**WHAT TO PRODUCE:** Copy out each record that follows exactly, and omit any picture you find.

··· MATERIAL TO PROCESS

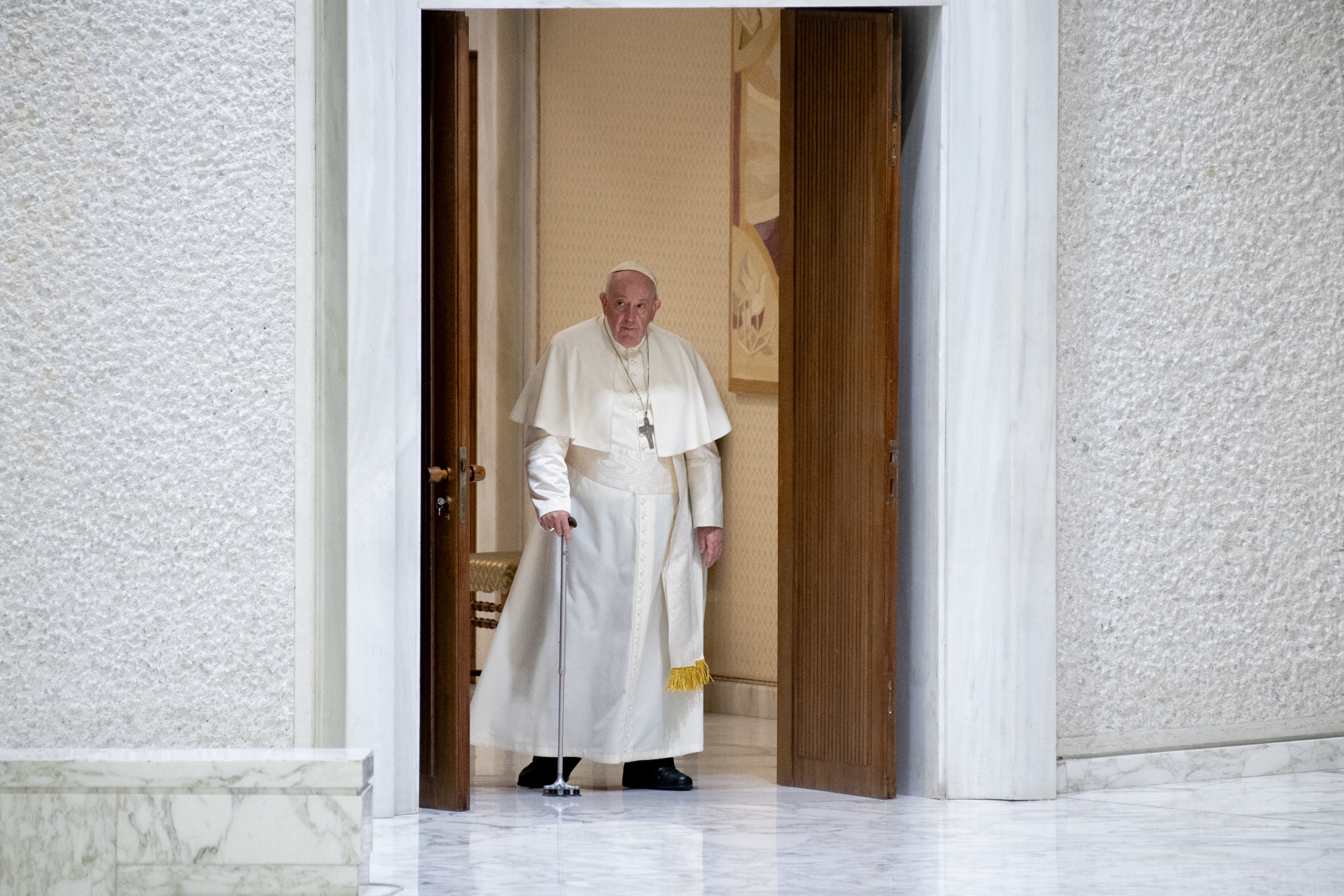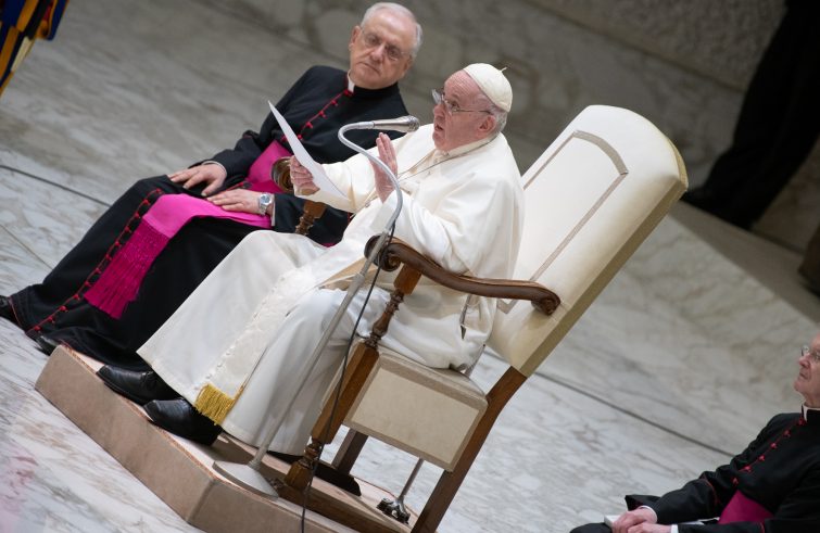 “Prima di iniziare questa catechesi vorrei che ci unissimo a quanti, qui accanto, stanno rendendo omaggio a Benedetto XVI e rivolgere il mio pensiero a lui, che è stato un grande maestro di catechesi”. È l’omaggio di Papa Francesco al suo predecessore, all’inizio della catechesi in Aula Paolo VI, dove è arrivato con il bastone e senza carrozzella. “Il suo pensiero acuto e garbato non è stato autoreferenziale, ma ecclesiale, perché sempre ha voluto accompagnarci all’incontro con Gesù”, ha proseguito Francesco: “Gesù, il Crocifisso risorto, il Vivente e il Signore, è stata la meta a cui Papa Benedetto ci ha condotto, prendendoci per mano. Ci aiuti a riscoprire in Cristo la gioia di credere e la speranza di vivere”.
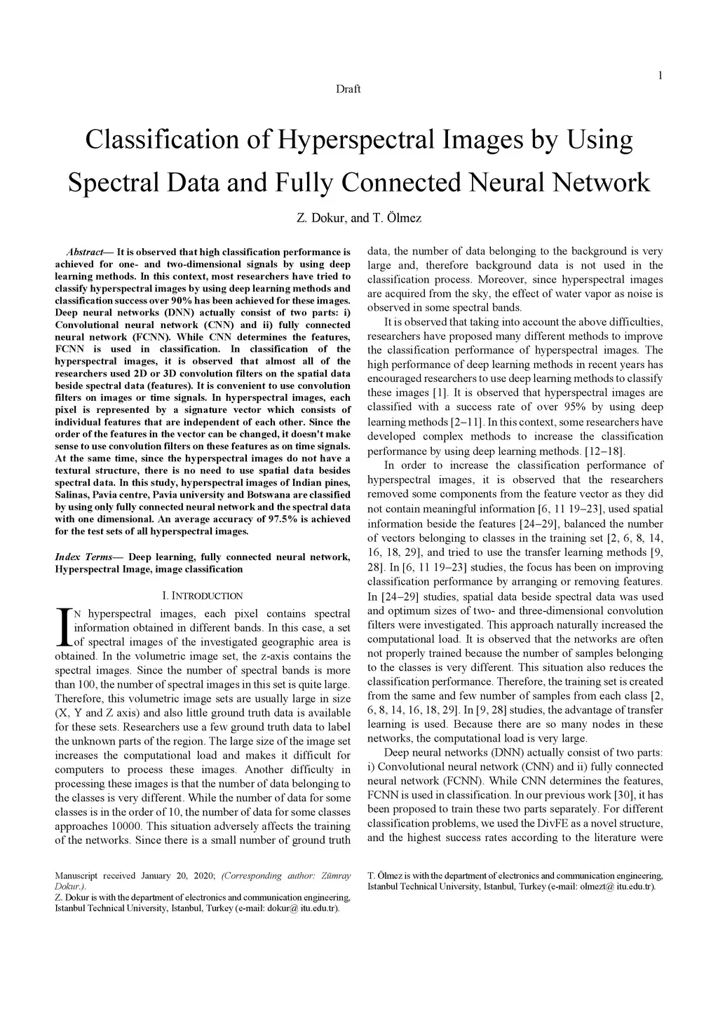 Classification of Hyperspectral Images by Using Spectral Data and Fully
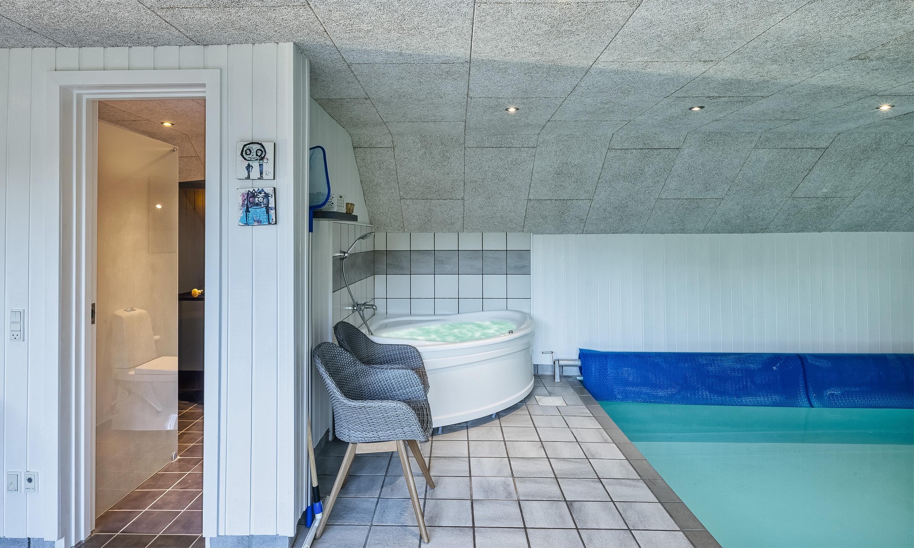 Hyggeligt poolhus til 8 personer, beliggende på herlig naturgrund, ca. 2.000 meter fra stranden.
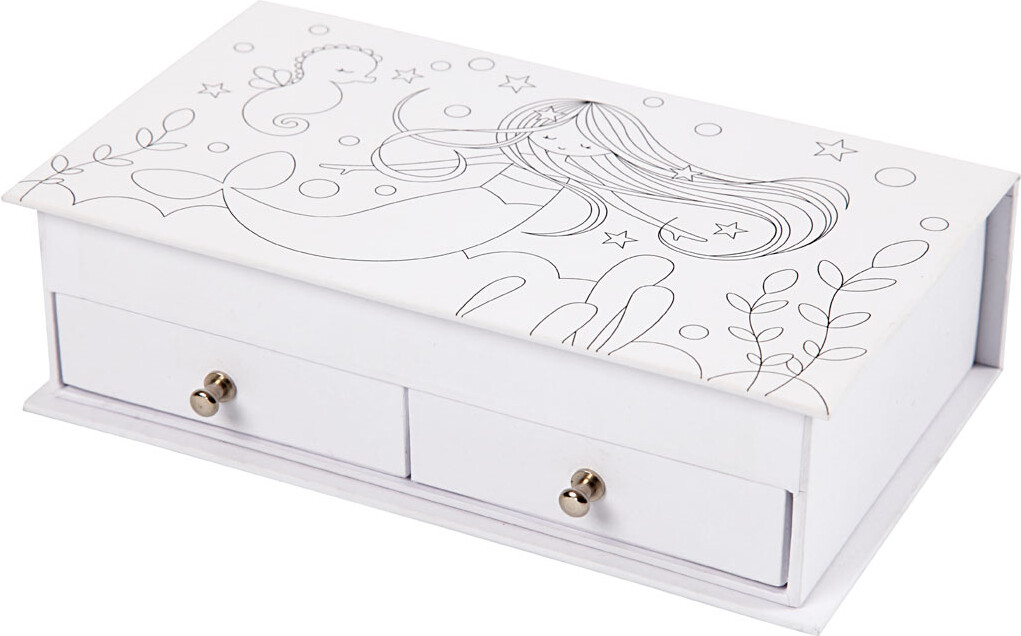 Smykkeskrin Til Børn - Havfrue - Mal Selv - Hvid
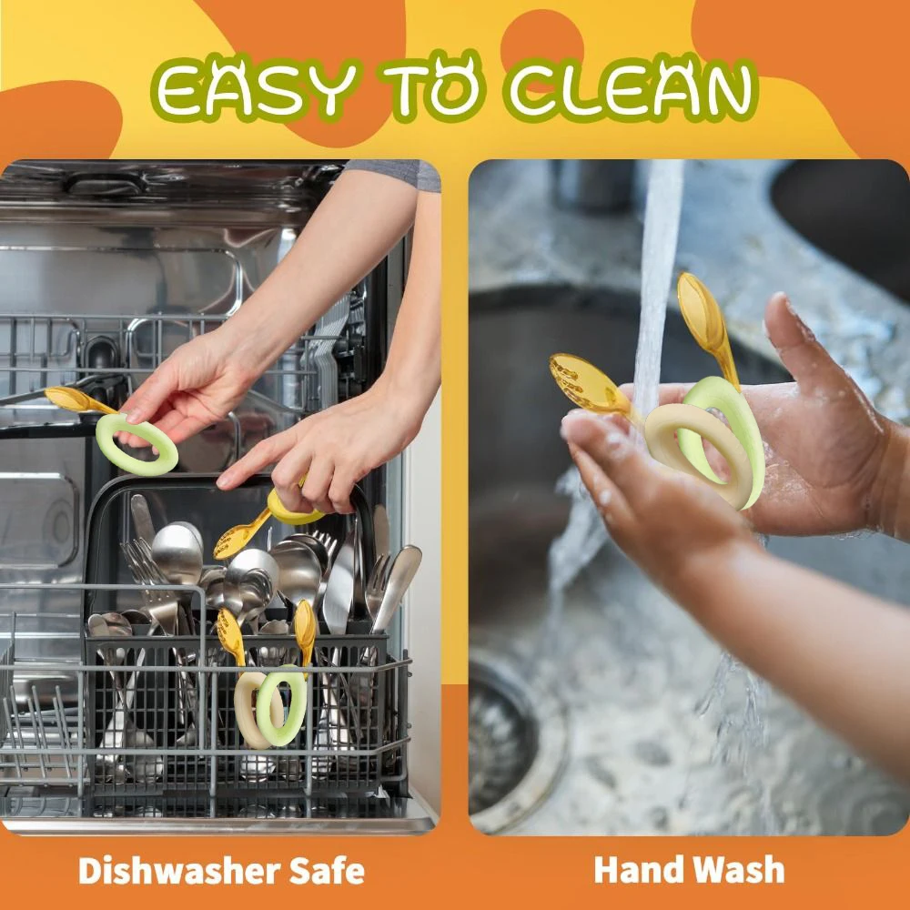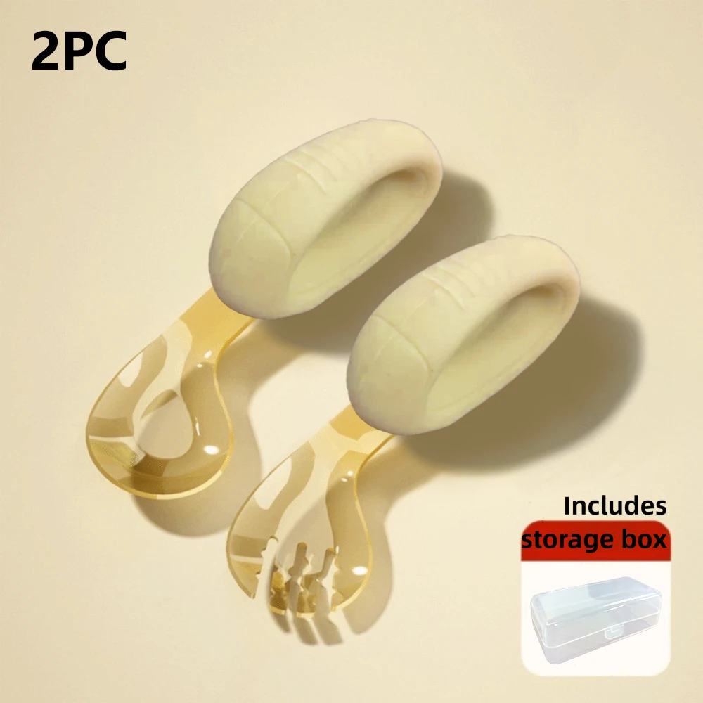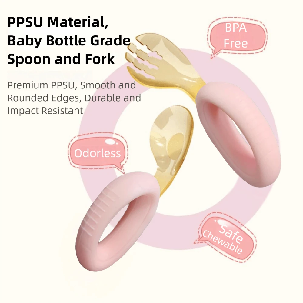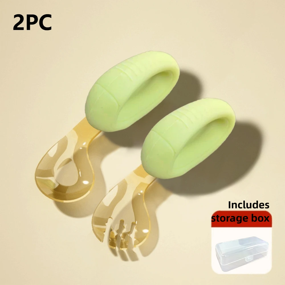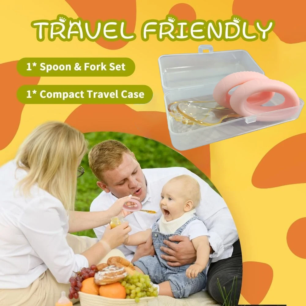 - > Colher e garfo para crianças com alça de silicone dobrável e caixa de armazenamento de cabeça PPSU para alimentação automática do bebê
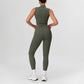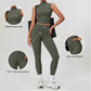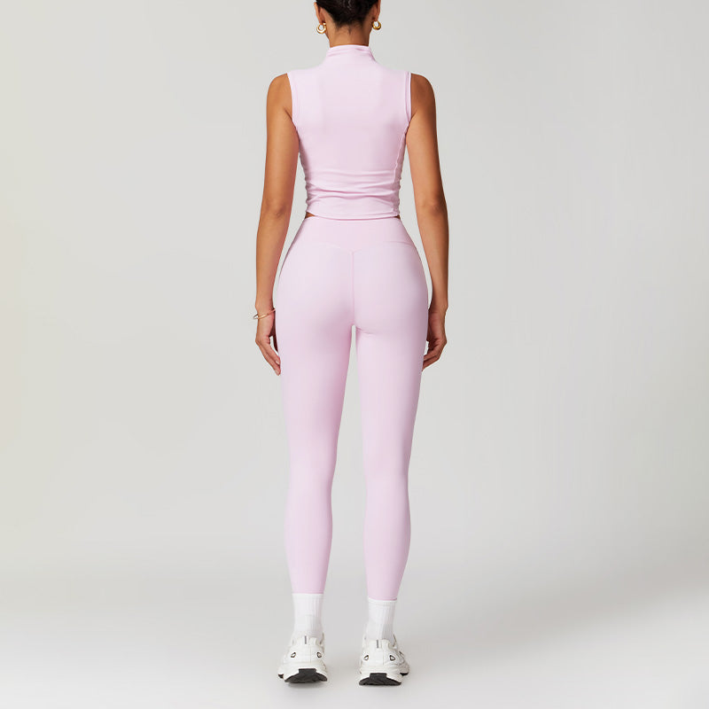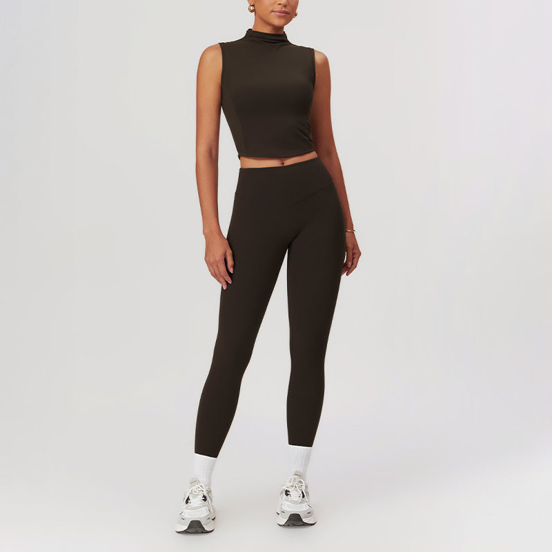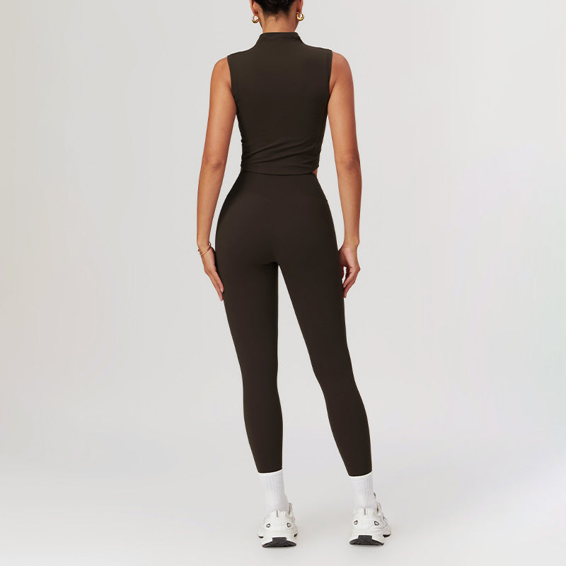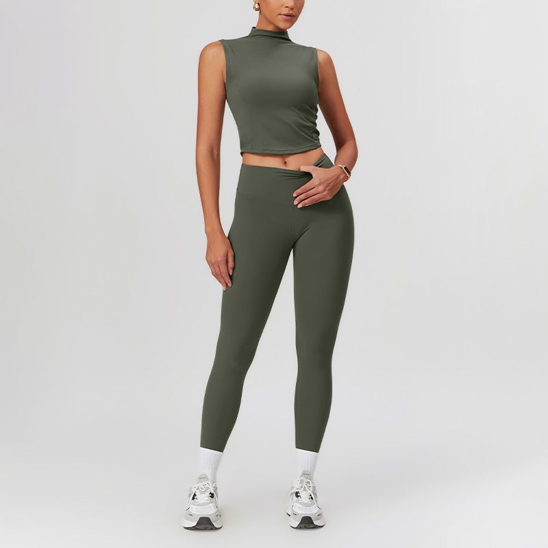 • Breathable high collar sleeveless tank top & snug fit sanded yoga leggings designed & uniquely fit to flatter every size

······

**SOLUTION:**
 “Prima di iniziare questa catechesi vorrei che ci unissimo a quanti, qui accanto, stanno rendendo omaggio a Benedetto XVI e rivolgere il mio pensiero a lui, che è stato un grande maestro di catechesi”. È l’omaggio di Papa Francesco al suo predecessore, all’inizio della catechesi in Aula Paolo VI, dove è arrivato con il bastone e senza carrozzella. “Il suo pensiero acuto e garbato non è stato autoreferenziale, ma ecclesiale, perché sempre ha voluto accompagnarci all’incontro con Gesù”, ha proseguito Francesco: “Gesù, il Crocifisso risorto, il Vivente e il Signore, è stata la meta a cui Papa Benedetto ci ha condotto, prendendoci per mano. Ci aiuti a riscoprire in Cristo la gioia di credere e la speranza di vivere”.
 Classification of Hyperspectral Images by Using Spectral Data and Fully
 Hyggeligt poolhus til 8 personer, beliggende på herlig naturgrund, ca. 2.000 meter fra stranden.
 Smykkeskrin Til Børn - Havfrue - Mal Selv - Hvid
 - > Colher e garfo para crianças com alça de silicone dobrável e caixa de armazenamento de cabeça PPSU para alimentação automática do bebê
 • Breathable high collar sleeveless tank top & snug fit sanded yoga leggings designed & uniquely fit to flatter every size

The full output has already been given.